Supplied material:
________________

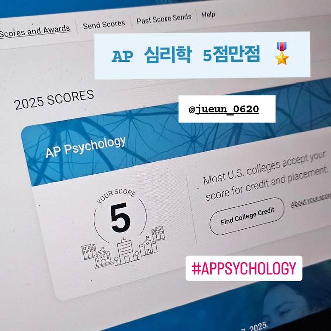 이와 함께 첫째 딸 주은 양이 AP 심리학에서 만점을 획득한 인증 사진을 공개해 놀라움을 자아냈다. AP 심리학은 미국 칼리지보드에서 주관하는 고등학교 심리학 교육과정 및 표준화 시험으로, Advanced Placement 과목 중 하나다.
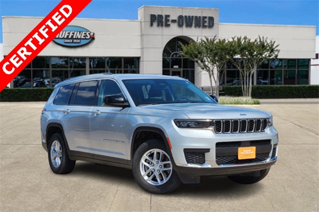 Clean CARFAX. Silver Zynith 2023 Jeep Grand Cherokee L Laredo Laredo 8-Speed Automatic 3.6L V6 24V VVT 4WD Quick Order Package 23A Laredo, 3.45 Rear Axle Ratio, 3rd row seats: split-bench, 4-Wheel Disc Brakes, 6 Speakers, ABS brakes, Air Conditioning, Alloy wheels, Anti-whiplash front head restraints, Automatic temperature control, Brake assist, Bumpers: body-color, Cloth Seats, Compass, Delay-off headlights, Driver door bin, Driver vanity mirror, Dual front impact airbags, Dual front side impact airbags, Electronic Stability Control, Emergency communication system, Four wheel independent suspension, Front anti-roll bar, Front Bucket Seats, Front Center Armrest w/Storage, Front dual zone A/C, Front License Plate Bracket, Front reading lights, Fully automatic headlights, Heated door mirrors, Illuminated entry, Knee airbag, Low tire pressure warning, Manual Fold Seatbacks, Molded In Color Black/Gloss Black Roof Rails, Normal Duty Suspension, Occupant sensing airbag, Outside temperature display, Overhead airbag, Overhead console, Panic alarm, ParkView Rear Back-Up Camera, Passenger door bin, Passenger vanity mirror, Power door mirrors, Power driver seat, Power steering, Power windows, Radio data system, Radio: Uconnect 5 w/8.4" Display, Rear air conditioning, Rear anti-roll bar, Rear reading lights, Rear window defroster, Rear window wiper, Reclining 3rd row seat, Remote keyless entry, Security system, Speed control, Speed-Sensitive Wipers, Split folding rear seat, Spoiler, Steering wheel mounted audio controls, Tachometer, Telescoping steering wheel, Tilt steering wheel, Traction control, Trip computer, Variably intermittent wipers, Voltmeter, and Wheels: 18" x 8.0" Fully Painted Aluminum.
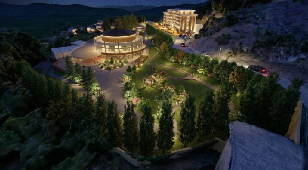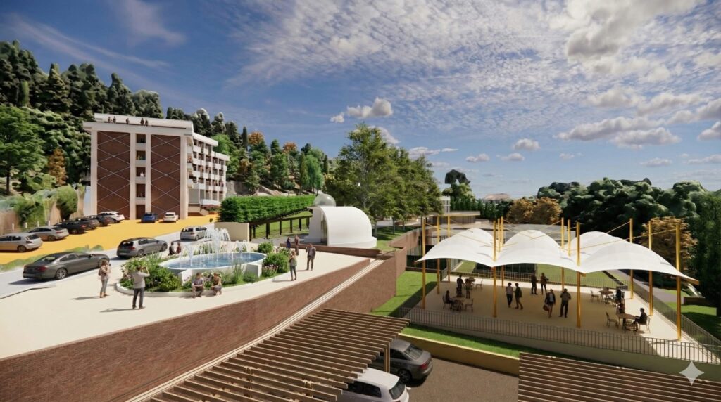Le immagini di progetto restituiscono l’idea di un intervento che ricompone l’area come sistema unitario, con un cuore architettonico riconoscibile e una sequenza di spazi aperti pensati per l’esperienza del benessere.
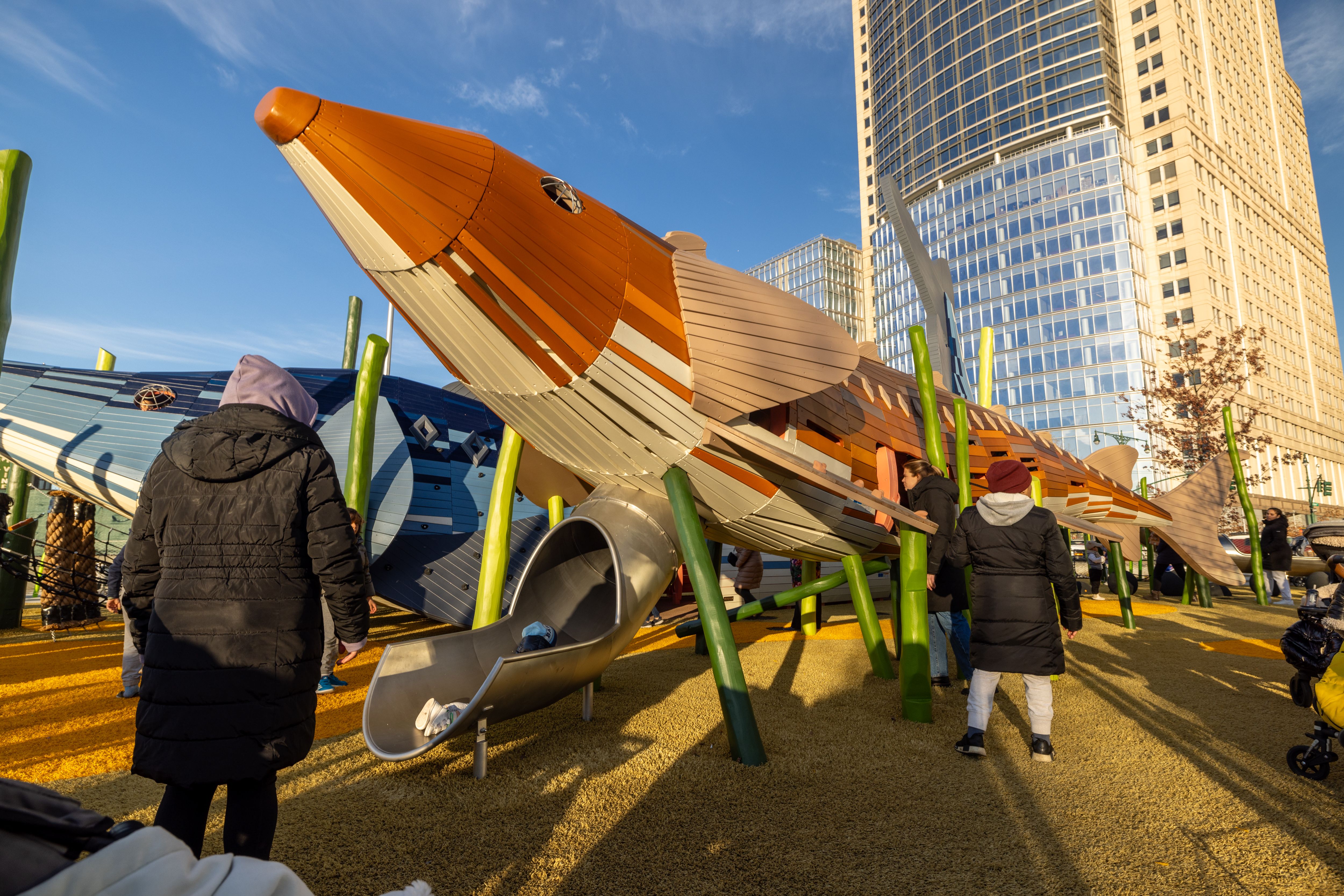 In 2024, the Pier 26 Science Playground opened in Hudson River Park, New York. This innovative space combines play, learning, and sculptural design. The project was developed in collaboration with landscape architecture studio OLIN, Hudson River Park Trust, and MONSTRUM Playgrounds, aiming to create an iconic playground inspired by the Hudson River’s marine life, while complementing the future Estuarium, a science center focused on river ecology.
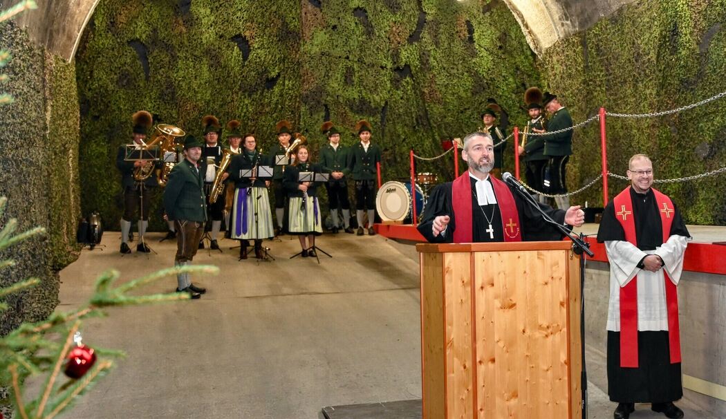 Schneizlreuth – Zeitnah zum Gedenktag der heiligen Barbara am 4. Dezember lädt die Wehrtechnische Dienststelle für Schutz- und Sondertechnik (WTD 52) in Oberjettenberg jährlich Mitarbeiter, Gäste aus der Bundeswehr, der Lokalpolitik und Partner, die in vielfältiger Weise mit der Dienststelle befasst sind oder zusammenarbeiten, zu einer stimmungsvollen Barbarafeier in die Stollenanlage unter der Reiteralm ein.

________________

Task brief:
Give back the material above exactly, but without its images.

Task solution:
 이와 함께 첫째 딸 주은 양이 AP 심리학에서 만점을 획득한 인증 사진을 공개해 놀라움을 자아냈다. AP 심리학은 미국 칼리지보드에서 주관하는 고등학교 심리학 교육과정 및 표준화 시험으로, Advanced Placement 과목 중 하나다.
 Clean CARFAX. Silver Zynith 2023 Jeep Grand Cherokee L Laredo Laredo 8-Speed Automatic 3.6L V6 24V VVT 4WD Quick Order Package 23A Laredo, 3.45 Rear Axle Ratio, 3rd row seats: split-bench, 4-Wheel Disc Brakes, 6 Speakers, ABS brakes, Air Conditioning, Alloy wheels, Anti-whiplash front head restraints, Automatic temperature control, Brake assist, Bumpers: body-color, Cloth Seats, Compass, Delay-off headlights, Driver door bin, Driver vanity mirror, Dual front impact airbags, Dual front side impact airbags, Electronic Stability Control, Emergency communication system, Four wheel independent suspension, Front anti-roll bar, Front Bucket Seats, Front Center Armrest w/Storage, Front dual zone A/C, Front License Plate Bracket, Front reading lights, Fully automatic headlights, Heated door mirrors, Illuminated entry, Knee airbag, Low tire pressure warning, Manual Fold Seatbacks, Molded In Color Black/Gloss Black Roof Rails, Normal Duty Suspension, Occupant sensing airbag, Outside temperature display, Overhead airbag, Overhead console, Panic alarm, ParkView Rear Back-Up Camera, Passenger door bin, Passenger vanity mirror, Power door mirrors, Power driver seat, Power steering, Power windows, Radio data system, Radio: Uconnect 5 w/8.4" Display, Rear air conditioning, Rear anti-roll bar, Rear reading lights, Rear window defroster, Rear window wiper, Reclining 3rd row seat, Remote keyless entry, Security system, Speed control, Speed-Sensitive Wipers, Split folding rear seat, Spoiler, Steering wheel mounted audio controls, Tachometer, Telescoping steering wheel, Tilt steering wheel, Traction control, Trip computer, Variably intermittent wipers, Voltmeter, and Wheels: 18" x 8.0" Fully Painted Aluminum.
Le immagini di progetto restituiscono l’idea di un intervento che ricompone l’area come sistema unitario, con un cuore architettonico riconoscibile e una sequenza di spazi aperti pensati per l’esperienza del benessere.
 In 2024, the Pier 26 Science Playground opened in Hudson River Park, New York. This innovative space combines play, learning, and sculptural design. The project was developed in collaboration with landscape architecture studio OLIN, Hudson River Park Trust, and MONSTRUM Playgrounds, aiming to create an iconic playground inspired by the Hudson River’s marine life, while complementing the future Estuarium, a science center focused on river ecology.
 Schneizlreuth – Zeitnah zum Gedenktag der heiligen Barbara am 4. Dezember lädt die Wehrtechnische Dienststelle für Schutz- und Sondertechnik (WTD 52) in Oberjettenberg jährlich Mitarbeiter, Gäste aus der Bundeswehr, der Lokalpolitik und Partner, die in vielfältiger Weise mit der Dienststelle befasst sind oder zusammenarbeiten, zu einer stimmungsvollen Barbarafeier in die Stollenanlage unter der Reiteralm ein.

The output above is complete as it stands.